We didn't stay long after that. I did manage to get Izumi-chan to agree to limit her attempts to talk to me at school to just two per week. Well. . . That will be a month away anyway. Due to my health I'll be spending the next week in the infirmary to write my exams, she wasn't too thrilled about that, and after that it's summer vacation.

We split up a little ways past the fountain. Apparently we live in different directions. I get the feeling that maybe I'm forgetting about something. . . It can't be important then.

_________________________

"Welcome home, Ichika! How was your date?" Mom has been really excited since I told her I was going out for ice cream with a friend. It's been five years after all. It must be a relief for her to hear that I spent time with someone other than a family member.

"D. . . It wasn't a date!" I recall the sensation of Izumi-chan resting in my arms, her weight pressing down on me, those little hands sliding under my shirt. . . It was almost something much more intense than a date wasn't it? My heart is beating like crazy again. "I. . . I ate too much. I'm gonna lie down."

"Okaaaay. I made soba. There's some in the fridge for you to have later."

"Okay, thanks!" I rush up the stairs, into my room and flop onto my bed. That was when I remembered what I'd forgotten. I forgot to check my messages.

I take out my phone. Three messages. Two from Yasu and one from Izumi-chan. Yasu is probably still worried about me. . .

How's everything going over there?

I haven't heard from you in a while. . . I hope everything is okay. I'm a little worried.

I appreciate your restraint in only sending the two messages.

I'm fine. I ate too much. I just got home and am lying down.

So nothing happened?

Well I found out that Izumi-chan is half succubus. Aside from that, no. ". . . You would never lie to me?" How am I supposed to explain any of this to Yasu. . . I hesitated. I know she's just asking about my condition. So I'll just put off the whole secret succubus thing for now.

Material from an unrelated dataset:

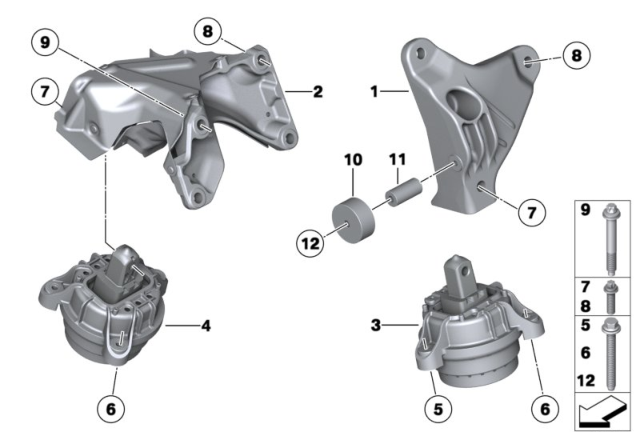 Front Engine Mount Set Compatible With BMW 5 Series F10 & 7 Series F01, F02, F03, F04 Engine Mount Left  22116777365 & Right 22116786528

There were never more than five customers at once. We almost got discovered by Kurata-san but I don't think she noticed us.

That's a relief. Are you free tomorrow? Want to go to the café with me?

Well I was planning on studying all day. But I guess an hour or two won't hurt. I'm kind of going to have to tell her I won't be in the class room next week too. It's best to say these things in person.

Sure. Meet at the fountain at 1100?

It's a date. <3

I blushed with that. There's that word again. Come to think of it, she said that last time too. I picture Yasu in the cabin with me, lying on my chest and looking up at me with sultry eyes. D. . . date. . . Argh, stop it me! Right. Izumi-chan's message.

Really, thank you so much for today, for everything. . . I hope we get to go again soon, darling. Ψ₍ᐢ。 ˬ 。ᐢ₎و

D. . . Darling? I break out into a cold sweat. And did that cute little bunny just gain a devil tail and pitchfork?!? I guess text messages are also kind of like a dream world. . . Honestly, is this some sort of contest between them to see who can make my heart explode first? Don't compete over something like that!